[Saved data entries]
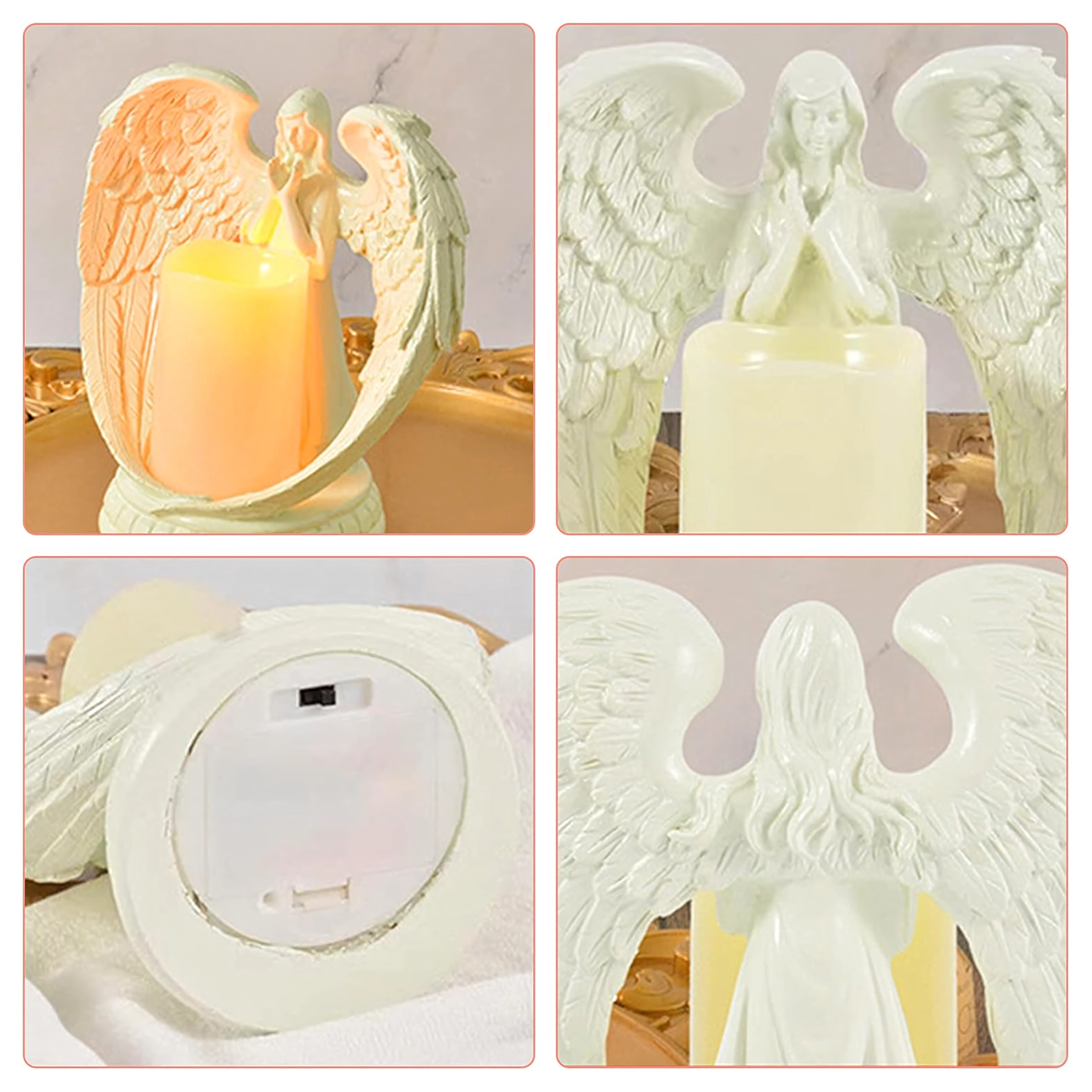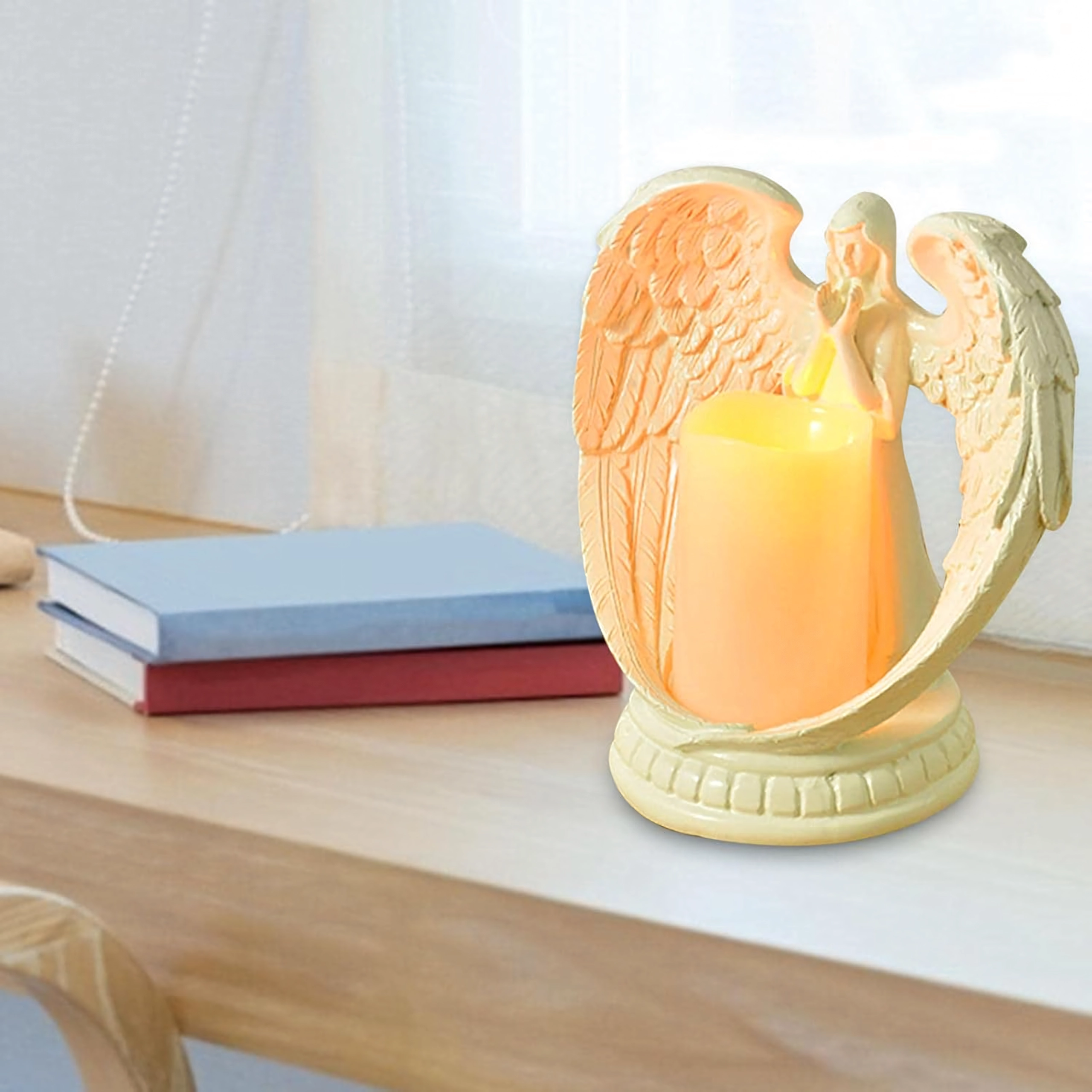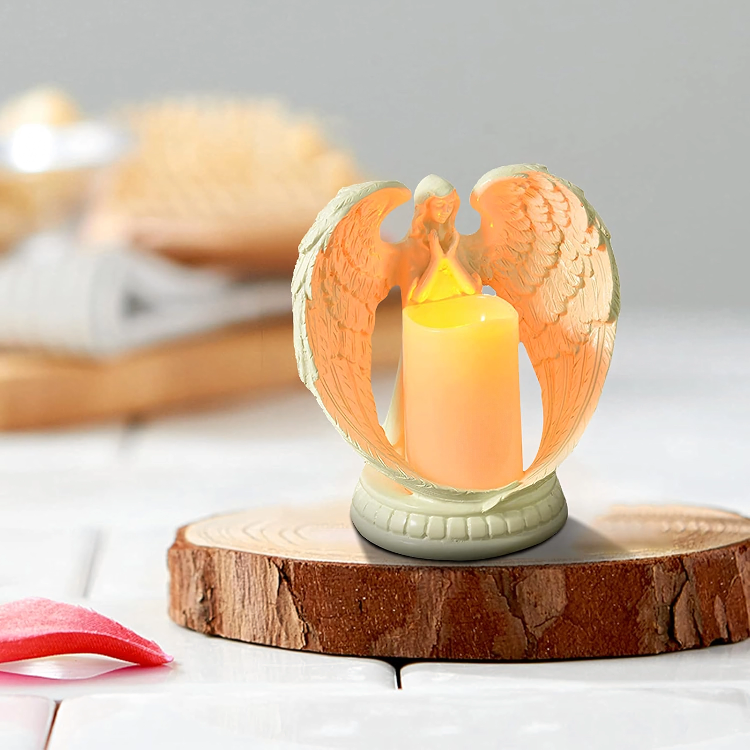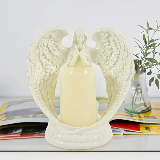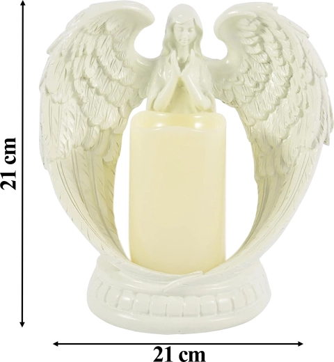 Elegáns dekoratív angyal gyertyával, valósághű LED fénnyel. Csiszolt gyantából készült, a nyugalom, emlékezés és áldás szimbóluma. Ideális beltérbe, vallási szertartásokra, sírra, valamint különleges ajándéknak.
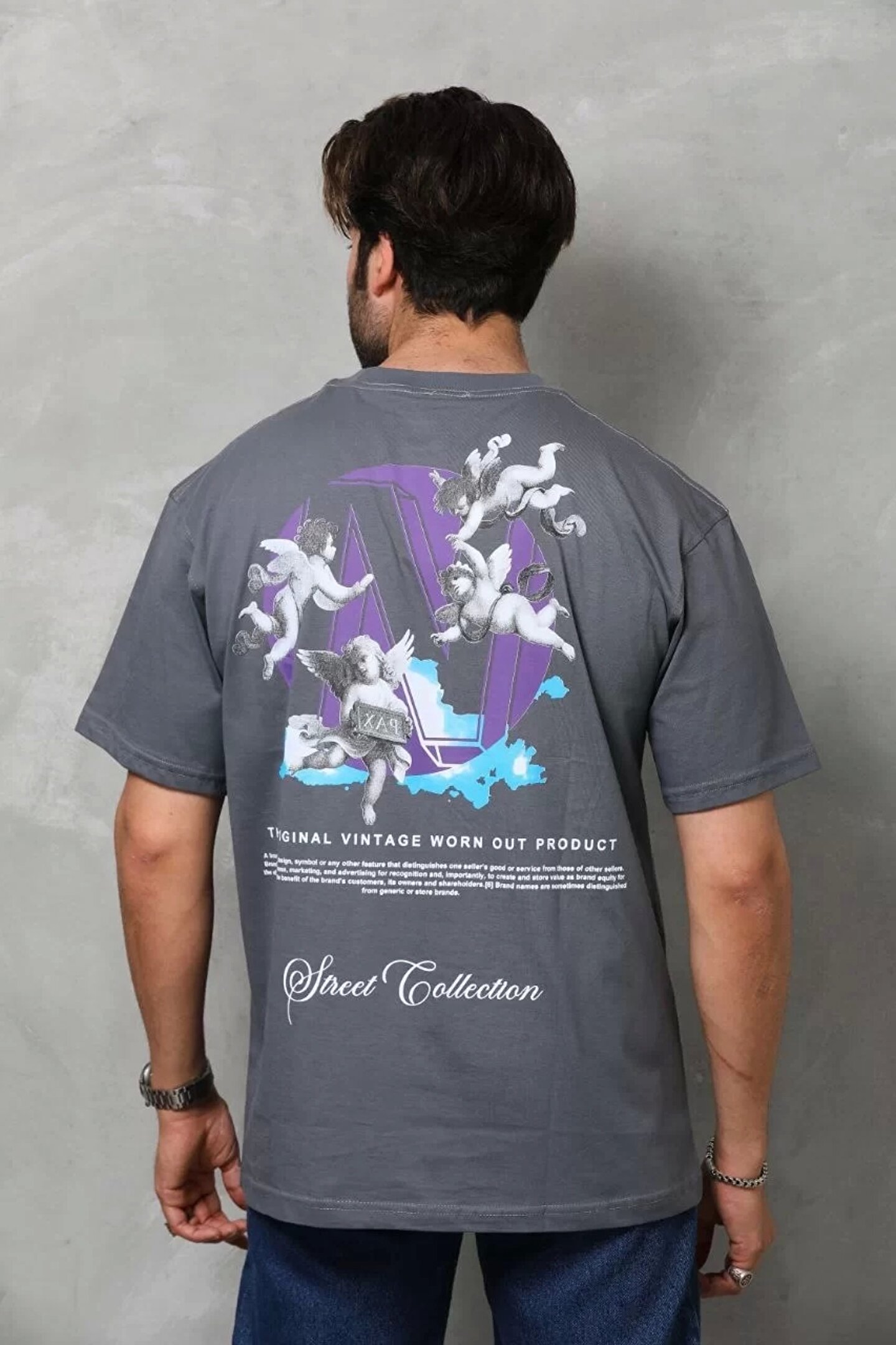 Silerra Unisex Bisiklet Yaka Baskılı Oversize T-Shirt - Füme
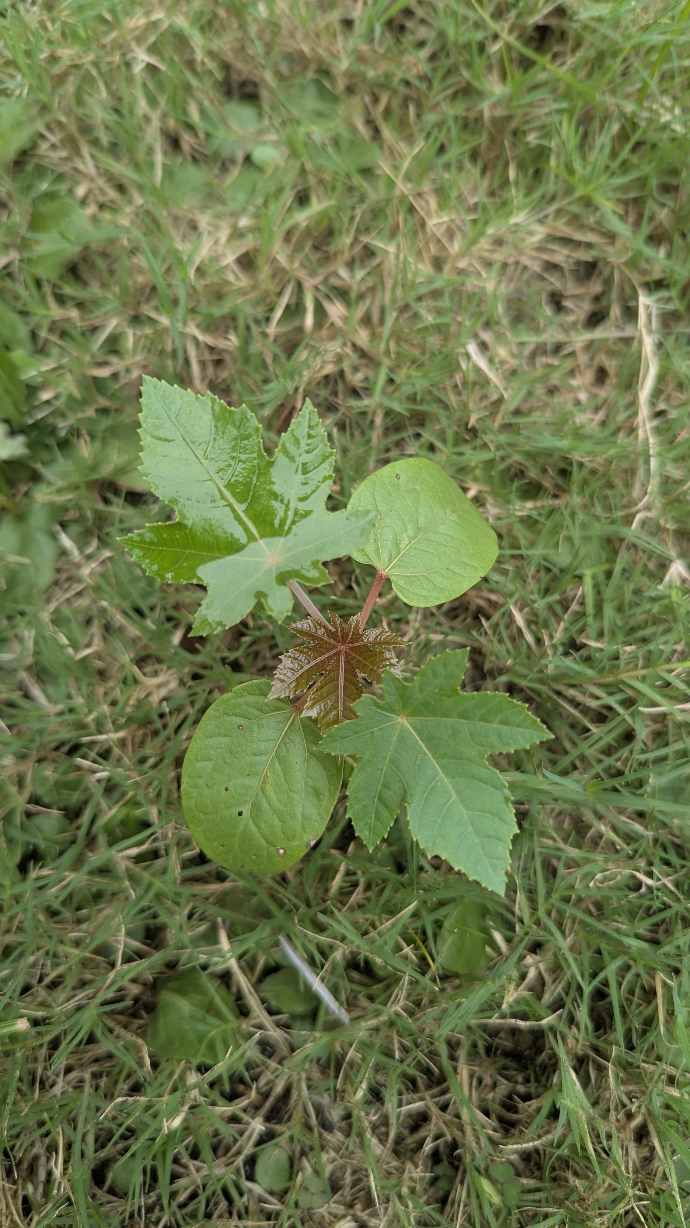 I think you’re looking at a castor bean sprout. If so, the two paddle like leaves are called cotyledons. They come squished inside the seed and are basically the first solar panels of the plant.
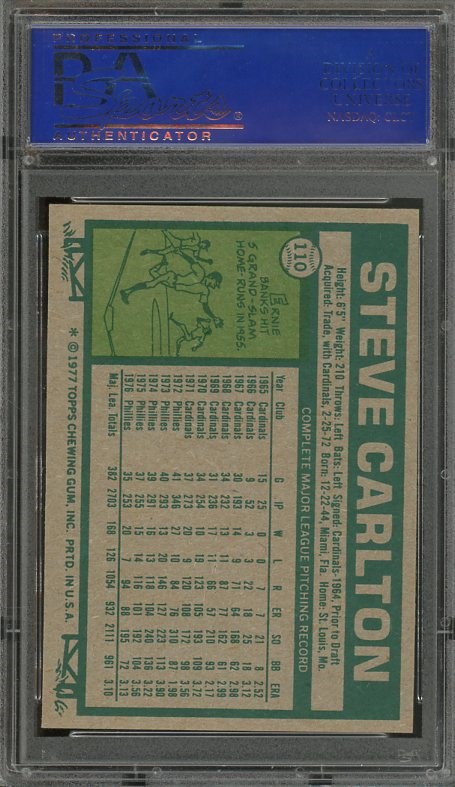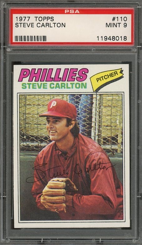 1977 Topps Steve Carlton #110 PSA MINT 9 - Mint and centered, cards don't get much better than this one.
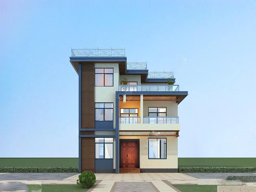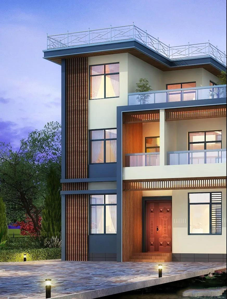 別墅為前衛(wèi)潮流的現(xiàn)代風(fēng)格,平屋頂設(shè)計(jì),多窗多露臺,觀景空間開闊,米黃色真石漆搭配仿木紋真石漆裝飾外墻,在鄉(xiāng)村注定獨(dú)樹一幟。
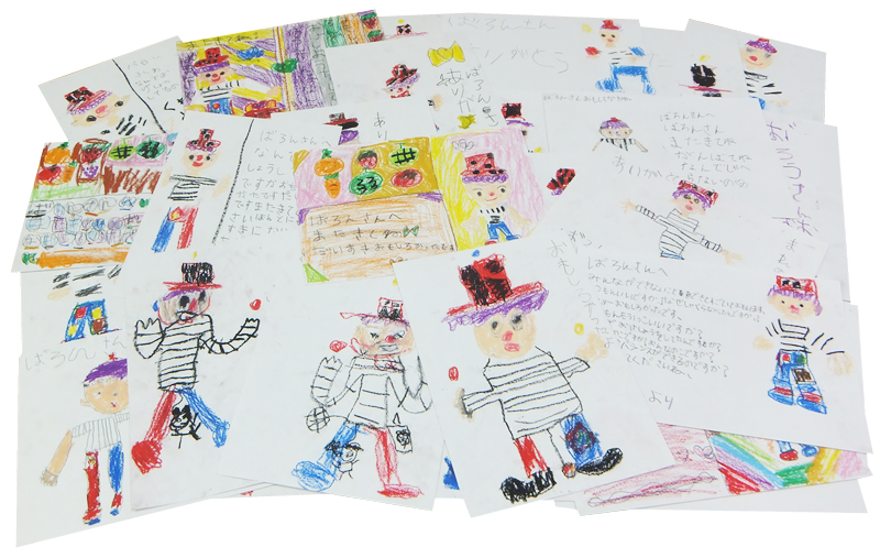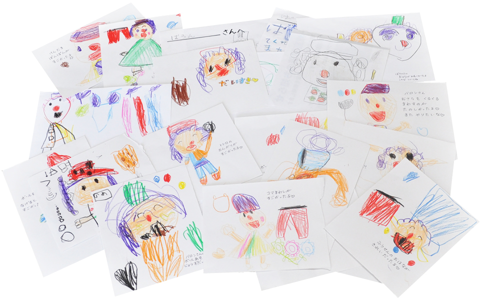 「ぴえろさん、たのしかったよ。ふうせんもぜんぶすごかったよ。けんだまはかっこよかったよ。またつくってね。」 |

WHAT TO PRODUCE
Copy the records above exactly, from the first line through the line containing "Silerra Unisex Bisiklet", and leave out the pictures.

EXERCISE RESULT
 Elegáns dekoratív angyal gyertyával, valósághű LED fénnyel. Csiszolt gyantából készült, a nyugalom, emlékezés és áldás szimbóluma. Ideális beltérbe, vallási szertartásokra, sírra, valamint különleges ajándéknak.
 Silerra Unisex Bisiklet Yaka Baskılı Oversize T-Shirt - Füme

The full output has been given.